Robot State Space
1. **State space equations and variables for robot models:**
a) **Unicycle model:**
- State variables: $x$, $y$, $\theta$ (position and orientation)
- Control variables: $v$ (linear velocity), $\omega$ (angular velocity)
- Equations:
$$\dot{x} = v \cos(\theta)$$
$$\dot{y} = v \sin(\theta)$$
$$\dot{\theta} = \omega$$
b) **Differential drive robot:**
- State variables: $x$, $y$, $\theta$
- Control variables: $\omega_l$, $\omega_r$ (left and right wheel angular velocities)
- Parameters: $r$ (wheel radius), $L$ (distance between wheels)
- Equations:
$$v = \frac{r}{2}(\omega_l + \omega_r)$$
$$\omega = \frac{r}{L}(\omega_r - \omega_l)$$
$$\dot{x} = v \cos(\theta)$$
$$\dot{y} = v \sin(\theta)$$
$$\dot{\theta} = \omega$$
c) **Simplified car model:**
- State variables: $x$, $y$, $\theta$
- Control variables: $v$ (velocity), $\phi$ (steering angle)
- Parameter: $L$ (wheelbase length)
- Equations:
$$\dot{x} = v \cos(\theta)$$
$$\dot{y} = v \sin(\theta)$$
$$\dot{\theta} = \frac{v}{L} \tan(\phi)$$
2. **Meaning of state and control variables:**
- State variables represent the robot's current position and orientation in 2D space.
- Control variables are inputs that influence the robot's motion, such as velocities or steering angles.
3. **Differences in dynamics:**
- Unicycle model uses linear and angular velocity directly.
- Differential drive uses wheel velocities to compute linear and angular velocities.
- Simplified car model includes steering angle affecting angular velocity, modeling car-like constraints.
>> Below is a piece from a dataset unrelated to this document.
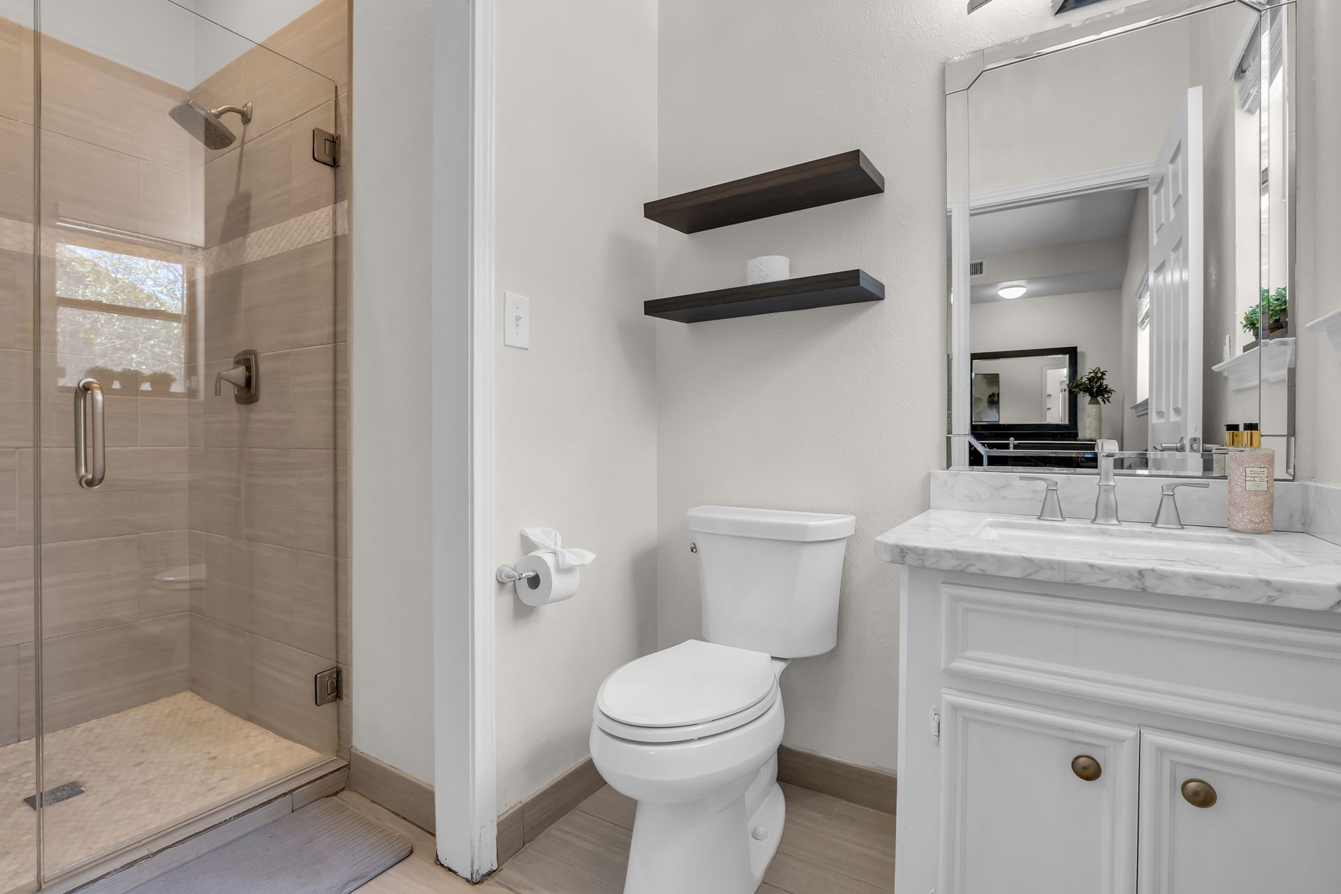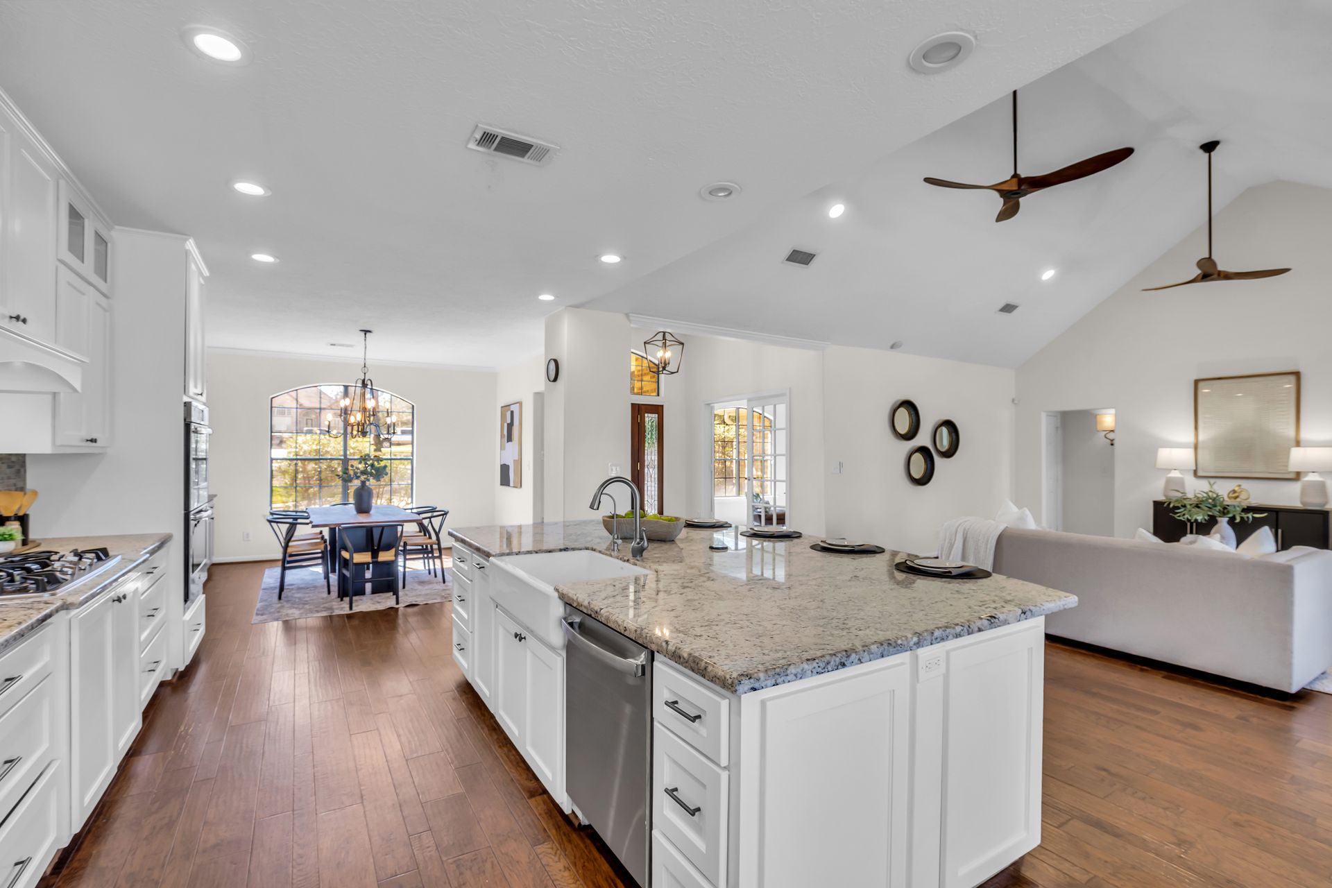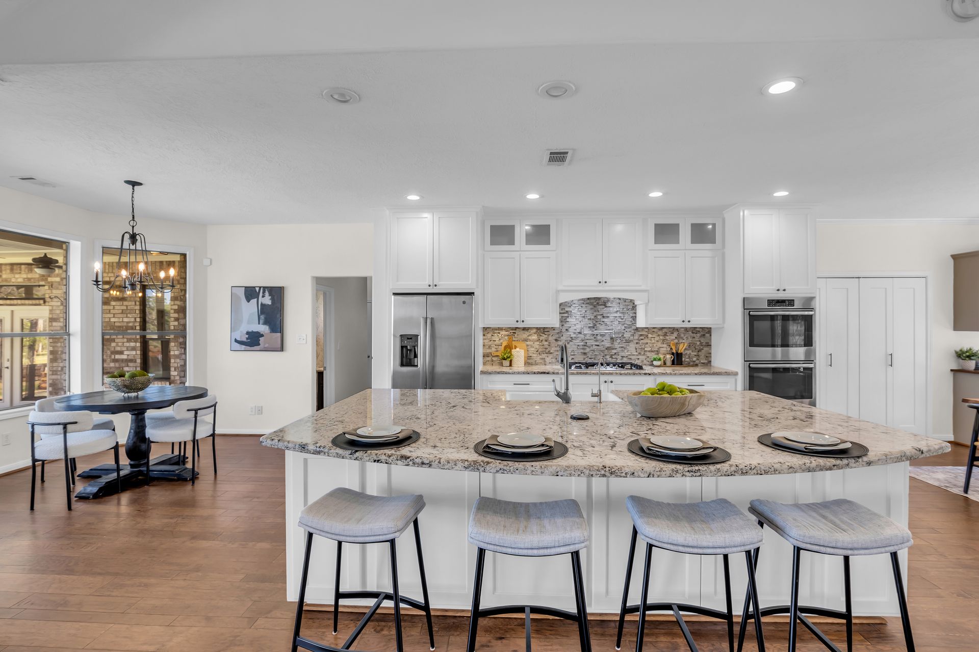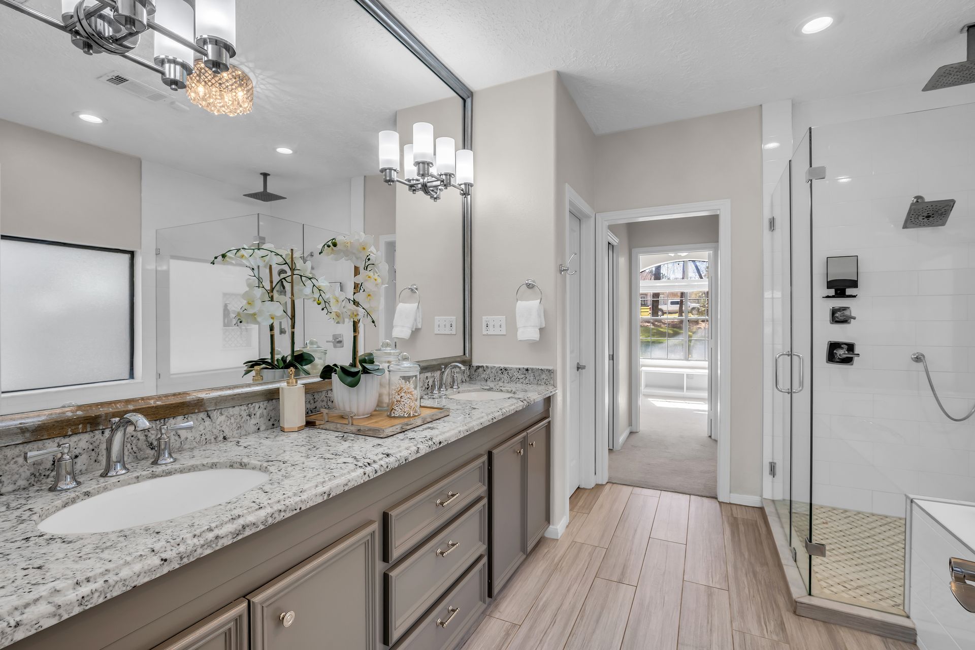 Exceptional lakefront living in Lake Windcrest. This beautifully updated seven-bedroom estate offers rare first-floor amenities, including a serene primary suite with a fireplace, custom closet, and private access to the backyard. Two additional first-floor guest suites, one ideal for multigenerational living, provides comfort and privacy. Enjoy dining spaces, a dedicated office, and a chef’s kitchen with double ovens, an oversized island with storage, a farmhouse sink, a pot filler, and a five-burner gas cooktop. Upstairs features four bedrooms, a game/flex room, and stunning views. Outdoors, relax by the pool/spa, fire pit, and tranquil lake. Additional highlights include a pool bathroom, water filtration system, central vacuum, and epoxy garage floors with extra storage. A few recent updates include all new paint on the first floor, one A/C unit (2026), one water heater (2026), new blinds downstairs (2026), updated pool equipment (2022), and a roof (2020). Located near trails, lakes, golf, and top-rated schools with easy access to The Woodlands.

4. **Simulation of unicycle model using Euler's method:**
- Given $\Delta t = 0.1$, $t \in [0,10]$, initial states $x(0)=0$, $y(0)=0$, $\theta(0)=1$.
- Control inputs $v=1$ always.
- Angular velocity $\omega(t)$ piecewise defined:
$$\omega(t) = \begin{cases} 3 & 0.5 \leq t \leq 1.5 \\ -3 & 2 \leq t \leq 3 \\ -3 & 4 \leq t \leq 5 \\ 3 & 6 \leq t \leq 7 \\ -3 & 8 \leq t \leq 9 \\ 0 & \text{otherwise} \end{cases}$$
- Euler update equations:
$$x_{k+1} = x_k + \Delta t \cdot v \cos(\theta_k)$$
$$y_{k+1} = y_k + \Delta t \cdot v \sin(\theta_k)$$
$$\theta_{k+1} = \theta_k + \Delta t \cdot \omega(t_k)$$
5. **Simulation of differential drive robot:**
- Parameters: $r=0.1$, $L=1$, initial states $x(0)=0$, $y(0)=0$, $\theta(0)=1$.
- Control inputs $\omega_l(t)$ and $\omega_r(t)$ piecewise defined:
$$\omega_l(t) = \begin{cases} 12 & 4 \leq t \leq 6 \\ 12 & 6 \leq t \leq 8 \\ 1 & \text{otherwise} \end{cases}$$
$$\omega_r(t) = \begin{cases} 12 & 0.5 \leq t \leq 1.5 \\ 12 & 2 \leq t \leq 4 \\ 1 & \text{otherwise} \end{cases}$$
- Compute linear and angular velocities:
$$v = \frac{r}{2}(\omega_l + \omega_r)$$
$$\omega = \frac{r}{L}(\omega_r - \omega_l)$$
- Euler update equations same as unicycle model.
6. **Plotting:**
- For both models, plot $x$ vs $y$, $x$ vs $t$, $y$ vs $t$, and $\theta$ vs $t$.
- Plotting $x$ vs $y$ over time creates a 2D trajectory movie.
7. **Code and plots:**
- Due to format, code and plots are not included here but can be implemented in Python or MATLAB using the above equations and Euler integration.
**Final note:**
- This completes the requested derivations, explanations, and simulation setup for the robot models.